I ended that post with a promise: what if there was a way to give the model just the right piece, at the right time, from a document you've never even pasted in?
That's this post. We're giving the model a search system.
The problem: your document is too long
You have a 2000-page document. An employee handbook, a product manual, internal documentation. You need one specific answer from it.
You can't paste the whole thing into the model's context window. And even if you found a model with a window big enough, we learned what happens: attention degrades, things in the middle get missed, and the model answers confidently from the wrong section.
So you need something different. A step that happens before the model sees anything. Something that finds the 2-3 paragraphs that actually answer your question, and passes only those to the model.
That's retrieval. The full technique is called RAG: Retrieval-Augmented Generation. Search first, then generate.
Three words, one loop
Let's break the name down. Each word is a step.
Retrieval. Go find relevant information. Think of it like checking the index of a textbook before diving into a chapter. You don't re-read the whole book. You find the right page first.
Augmented. Add that retrieved info to the prompt. You're supplementing the model's built-in knowledge with fresh, specific context. Like handing someone a cheat sheet right before they answer a question.
Generation. The model writes its response, but with the retrieved context sitting right there in the conversation. It generates an answer grounded in your actual data, not just its training. "Grounded" means the model has real evidence to point to. It's not guessing from memory. It's answering from something you gave it.
The whole loop in one sentence: find the right chunks of information, stuff them into the prompt, let the model answer using that context. That's it. That's RAG.
And if you're thinking "wait, isn't this just enterprise search?" you're not wrong. Tools like Elasticsearch, Kendra, SharePoint search have been finding relevant passages in documents for decades. The retrieval part isn't new.

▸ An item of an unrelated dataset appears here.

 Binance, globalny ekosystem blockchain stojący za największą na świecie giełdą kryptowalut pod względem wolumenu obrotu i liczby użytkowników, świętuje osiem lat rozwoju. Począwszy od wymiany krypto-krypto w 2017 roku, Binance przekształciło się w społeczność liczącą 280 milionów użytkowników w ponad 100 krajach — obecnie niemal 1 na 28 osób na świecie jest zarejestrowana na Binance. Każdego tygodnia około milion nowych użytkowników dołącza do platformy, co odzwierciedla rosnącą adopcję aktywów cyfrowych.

What's new is the last step: instead of showing you a results page to read for yourself, a foundation model reads the evidence and writes the answer. To put it simply, RAG is enterprise search with a language model at the end of the pipeline.
The setup: onboarding docs for a fictional company
Imagine you just joined a new company and on the first day they hand you a bunch of documents. Employee handbook, benefits guide, leave policy, expense rules, engineering onboarding, IT security. Six documents with thousands of lines. All the answers are in there somewhere, but you'd have to read all of them to find what you need.

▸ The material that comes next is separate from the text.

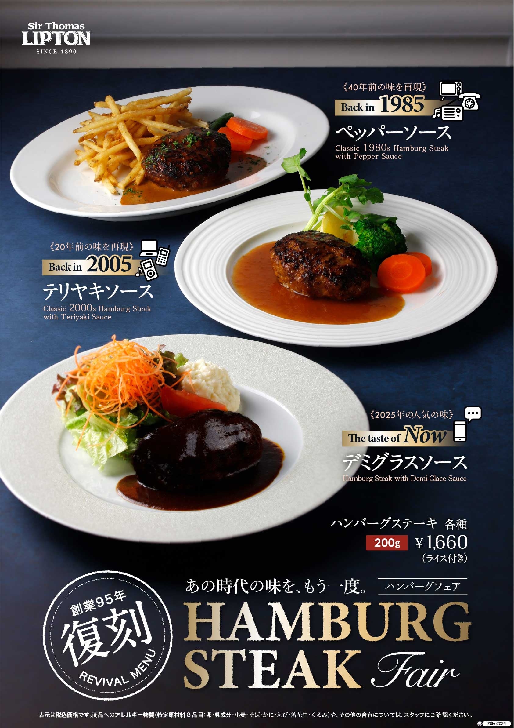 1930年創業、今年で95周年を迎える老舗紅茶専門店『Sir Thomas LIPTON ティーハウス』が、長年の愛顧に応える「復刻ハンバーグフェア」をパワーアップして展開します。
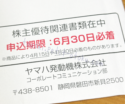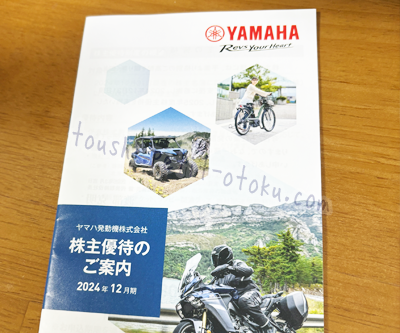 ということで、ヤマハ発動機(7272)の株主優待をもらいました。ありがとうございます。

I've got a fictional company here, PineRidge Solutions. These are their onboarding docs.
The goal: I type a question like "how many vacation days do I get?" or "what's the parental leave top-up?" and the system finds the right section and answers from it.

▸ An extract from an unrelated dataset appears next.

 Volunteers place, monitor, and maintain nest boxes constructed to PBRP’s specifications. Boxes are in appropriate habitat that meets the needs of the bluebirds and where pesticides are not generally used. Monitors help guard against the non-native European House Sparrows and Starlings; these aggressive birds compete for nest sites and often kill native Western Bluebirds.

I'm building this in Kiro IDE, and for the models, I'm using Amazon Bedrock, the same tool we've been using for the last four posts. Except now, instead of the Playground in AWS Console, I'm calling it through my code.
Please note, I'm using Bedrock here, but this same pattern works with any embeddings model locally or on Cloud. Ollama locally, OpenAI, Cohere, whatever. The pipeline is the same. The model is just a plug.
All the code mentioned in this post is available in my GitHub repo here.
Three steps to build. Chunk, embed, retrieve. Let's go.
Step 1: Chunk the document
Before anyone can search these documents, they need to be broken into smaller pieces. Chunks. Usually a few paragraphs each.
Why? Because the goal is to return just the relevant section, not everything. If I keep each document as one giant block, the search will return entire files when I only need a paragraph.
How you split matters. Too large, and you're back to the "too much context" problem. Too small, and you might cut an answer in half.
Let's take a simple example.
Say the leave policy has three sentences: "The standard vacation policy grants 15 days per year. However, employees in their first year receive only 10 days. These days do not carry over into the next calendar year."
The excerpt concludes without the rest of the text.